When self._status == CONNECTING, self._transport.at_eof(), and b = await self._transport.read(..) is empty, _read_loop will fall into a never-yield-forever-loop. Once this happened, it would block all other tasks from running.
self._status can be CONNECTING at connect or attempt_reconnect(). It depends on when transport.at_eof() happens. If transport eof came in when nats client was at CONNECTING status and if buffer was empty, this issue would happen.
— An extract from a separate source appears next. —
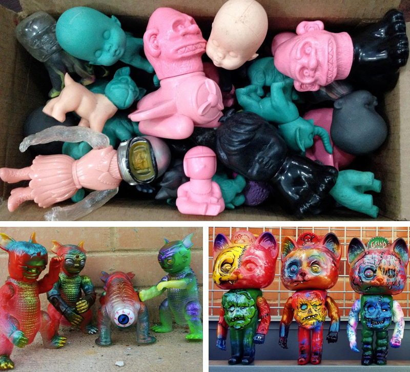 Hot off the heals of the FLV. Ver Brain Bug Boogie-Man preorder (find updated release details here), Lulubell Toys have revealed that a whole slew of new Grody Shogun figures will be touching down in-store this coming Monday, February 24th at Noon PST! Featuring a horde of blank, mixed part and painted mash-ups (pricing TBC), a painted run of clear cast Mad Mad Patchi Men from none other than Paul Kaiju ($60), and a batch of Necro Nekos painted by Evil Dave ($50), we suggest heading over to the store prompt to avoid disappointment as supplies are sure to be limited…

Below is the change I used. It just forces to set_eof in asyncio/sslproto.py. Remember to run "echo>/var/log/robot/set_eof" before restart your app.
# diff /mnt/datafs/new/sslproto.py /usr/lib/python3.11/asyncio/
--- /mnt/datafs/new/sslproto.py
+++ /usr/lib/python3.11/asyncio/sslproto.py
@@ -1,6 +1,5 @@
import collections
import enum
-import os
import warnings
try:
import ssl
@@ -431,11 +430,6 @@
return self._ssl_buffer_view
def buffer_updated(self, nbytes):
- if os.path.exists("/var/log/robot/set_eof"):
- logger.info(f"------ set_eof buffer_updated state {self._state}")
- self._app_state = AppProtocolState.STATE_EOF
- keep_open = self._app_protocol.eof_received()
-
self._incoming.write(self._ssl_buffer_view[:nbytes])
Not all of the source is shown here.